李神弓站在船头,看着新洛城码头上的电灯越来越近。
他肩上背着那张老旧的复合弓。弓弦换过三回,弓身上那道被刀劈过的旧痕还在。
赵铁山蹲在栈桥边上清点货单,抬头看见船头站着的人,站起来拍了拍手上的灰。
“李将军。你这张弓还是当年在黑风峡挡西突厥骑兵时用的那把。弓弦换了几回了。”
“三回。弓身没换。当年唐王赏的复合弓,用顺手了舍不得扔。赵统领,你脸上那道新疤怎么回事。”

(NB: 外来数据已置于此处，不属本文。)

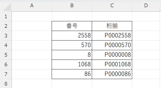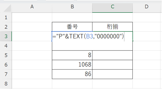 例えば、「P」を頭に付けた7桁の数字に揃えたいときは、以下のとおり数式を入力します。
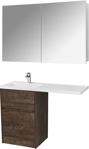 Комплектация: тумба (корпус), фасад (2 шт.), раковина, зеркальный шкаф, крепления.

“海门港演习,被跳弹擦了一下。破了层皮,不碍事。唐王在王府议事厅等你——他听说你要回来,昨天就让厨房炖了羊肉。”
李神弓把复合弓往肩上一挂。
“我先去韩家庄看看韩老将军,回来再跟唐王汇报西域军务。韩老将军身体怎么样。”
“硬朗。昨天在韩家庄跟他两个儿子喝了半宿酒。今天一早就起来了,在庄子后面的菜地里拔萝卜。”
韩家庄在新洛城北,背靠一片竹林,门前有条小溪。
韩擎蹲在菜地边上。
花白头发被晨风吹得有些散,身上的旧军袍打了几个补丁,袖口卷到手肘,手上沾着泥。韩略站在田埂上拎着竹篮,韩韬蹲在旁边拿小锄头松土。
韩擎拔出一根萝卜,在手里掂了掂。
“这根个头大。拿回去让你娘炖汤。略儿你在南越那边怎么样。”
“顺利。山神夫人的人现在不打了,改种茶。月亮城到铜矿洞的商路通了,山里的茶农下山卖茶,偶尔有纠纷民兵调停一下就行。我这次回来之前去了一趟铜矿洞——不是去巡查,是去买秋茶。山神夫人亲自泡的,说请韩将军尝尝矿洞的新茶。”
“她泡的茶怎么样。”
“比以前好喝。以前她泡的茶苦——那是心里苦。现在心里不苦了,茶就不苦了。韬哥你那边呢。”
韩韬把锄头搁在田埂上。
“秀眉州安稳。杂交水稻今年收成好,粮仓满储。林秀眉当年修的路还在用,路边上的山茶花每年开花。张启明老先生在秀眉州开了个塾馆,去年编了本《秀眉州水利志》,扉页上写着——‘此路此渠,林氏所修。后人走好路喝好水,勿忘前人。’”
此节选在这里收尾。